Israel welcomed the publication of the ‘Handbook for the Practical Use of the IHRA Working Definition of Antisemitism’ by the European Commission as “a highly important document” that will help combat anti-Semitism on the Continent.

Israel welcomed the publication of the ‘Handbook for the Practical Use of the IHRA Working Definition of Antisemitism’ by the European Commission as “a highly important document” that will help combat anti-Semitism on the Continent.

The document was commissioned by the European Commission and published jointly with the International Holocaust Remembrance Alliance (IHRA), with support from the German Presidency of the Council of the European Union.

Lior Haiat, the spokesperson for Israel’s Ministry of Foreign Affairs, stated Sunday that Israel expresses its appreciation to Katharina von Schnurbein, the EU’s Coordinator on combating anti-Semitism and fostering Jewish life, her team, and to the European Commission for “the uncompromising commitment to fight against the ugly and dangerous phenomenon of anti-Semitism, which is only growing.”

“The Handbook is a highly important document that will assist in supporting the implementation of the IHRA definition as a central instrument in the fight against anti-Semitism,” he added.

The IHRA has 34 member countries and seven observer countries. Acceptance to the IHRA depends on the counties’ adherence to the Stockholm Declaration on Holocaust Education, Remembrance and Research of January 28, 2000, as well as several other conditions.

Several countries adopted the IHRA definition in 2020, including Muslim countries for the first time, Bahrain and Albania, and Muslim institutions, the Global Council of Imams and King Hamad Global Center for Peaceful Coexistence.

The IHRA adopted in 2016 the working-definition of anti-Semitism, according to which anti-Semitism is “a certain perception of Jews, which may be expressed as hatred toward Jews. Rhetorical and physical manifestations of anti-Semitism are directed toward Jewish or non-Jewish individuals and/or their property, toward Jewish community institutions and religious facilities.”

The IHRA states that anti-Semitic examples include denying the Jewish people their right to self-determination by claiming that the existence of a State of Israel is a racist endeavor, comparing Israel to Nazi Germany and leveling accusations against Jewish citizens of various countries that they are more loyal to Israel than to their own countries.

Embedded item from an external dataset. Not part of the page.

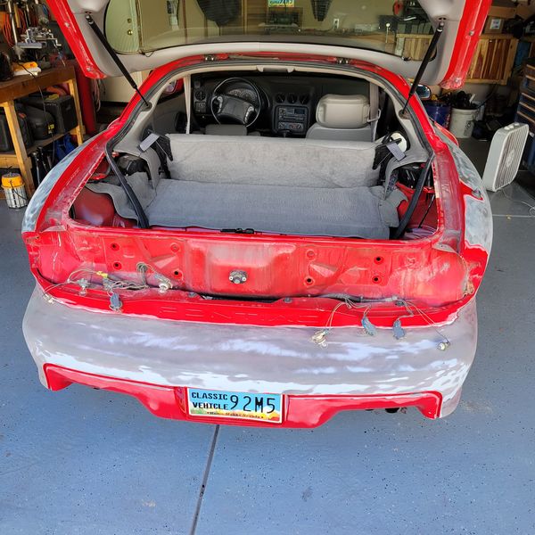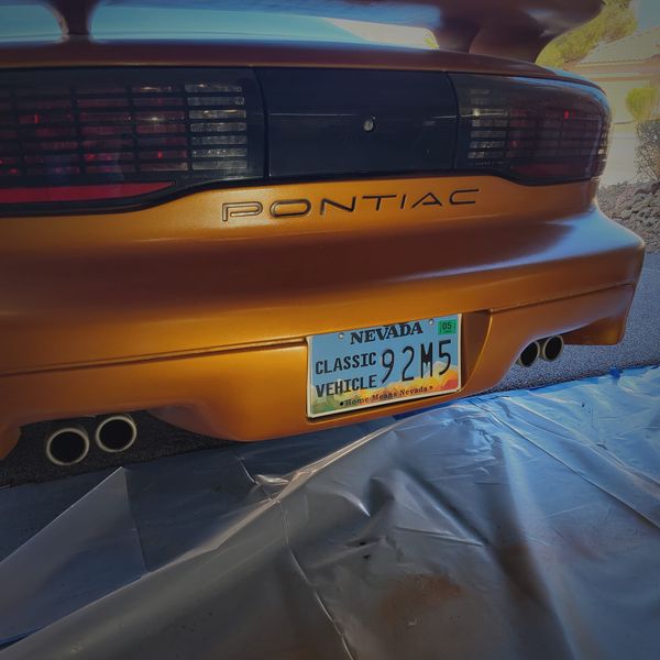 TA 2, day 67 part 2. Rear end all together. Gold bird and gold Trans Am text will go on the center panel after it gets buffed out. Right taillight will ultimately get replaced. Have a nice one? Call me: 702-610-9748 --> James

The United Kingdom, Austria, Scotland, Romania, Canada, Germany, Bulgaria, Lithuania, Moldova, Macedonia, the US, Greece, Belgium, Slovenia, Sweden, Holland, Slovakia, the Czech Republic, Hungary, Luxemburg, France, Cyprus, Italy, Uruguay, Nicaragua, Serbia and Argentina, Kosovo, Albania and Spain are all members.

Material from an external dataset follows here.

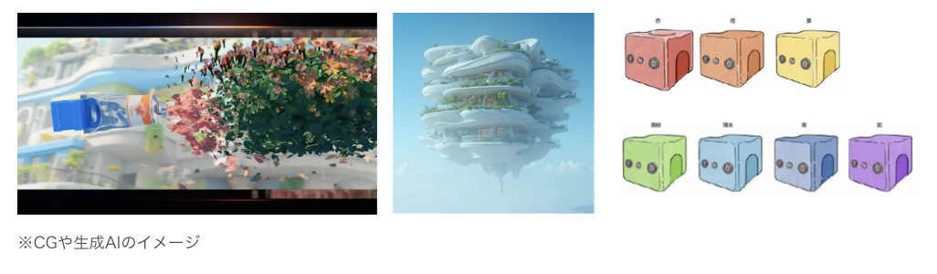 テーマは「まだ誰も見たことがない映像」。実写映像とCGを融合させ、画面から飛び出すようなインパクトのある演出が特徴となっている。

The IHRA working definition for anti-Semitism, while not legally binding, has become a widely used tool around the world to educate people about anti-Semitism, as well as recognize and counter its manifestations.

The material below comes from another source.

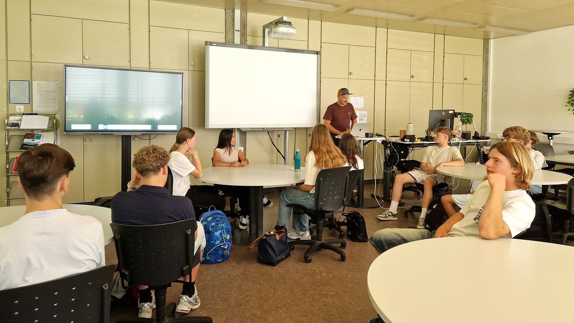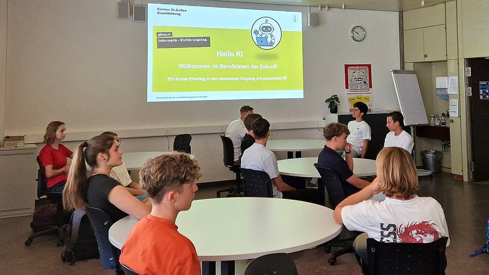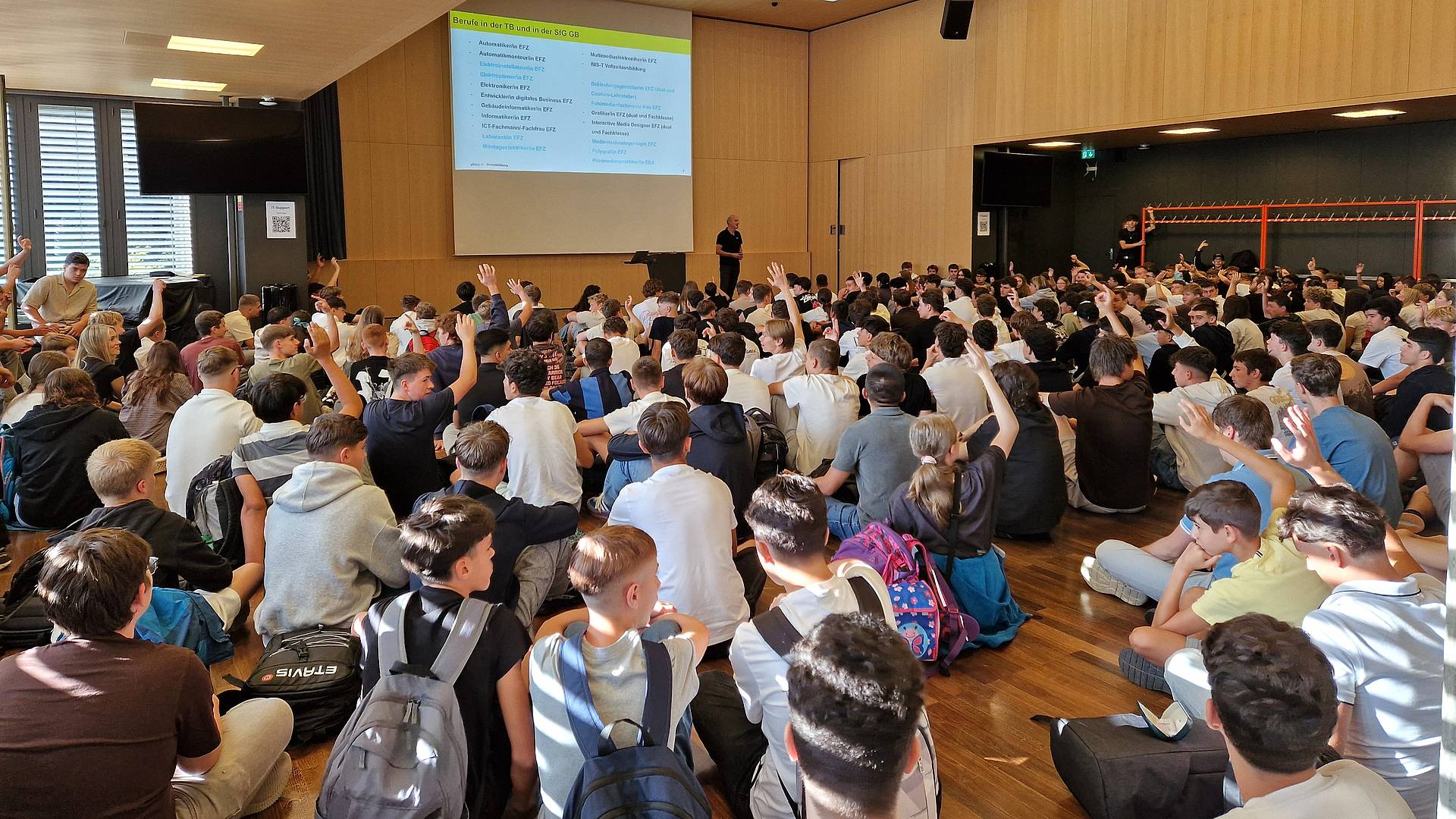 1200 neue Lernende starten nach den Sommerferien am GBS St.Gallen ins Berufs(schul)leben. Am Einführungstag am Hauptstandort im Riethüsli wurden erstmals Teilnehmende der neuen Fachklasse Interactive Media Design begrüsst. Im Fachbereich Informatik wurden derweil die Chancen und Risiken von generativer KI besprochen.

Based on the comprehensive research carried out by the Federal Association of Departments for Research and Information on Antisemitism, the newly published handbook provides an overview of good practices by international organizations, national administrations, civil society and Jewish communities from across Europe.

The European Commission Vice President for “Protecting our European Way of Life” Margaritis Schinas stated that “we need to fight anti-Semitism whenever we encounter it. Jewish life is part of our societies and we are determined to protect it.”

“The handbook will become another valuable tool for Member States to effectively implement the landmark Council Declaration on combating antisemitism,” he added.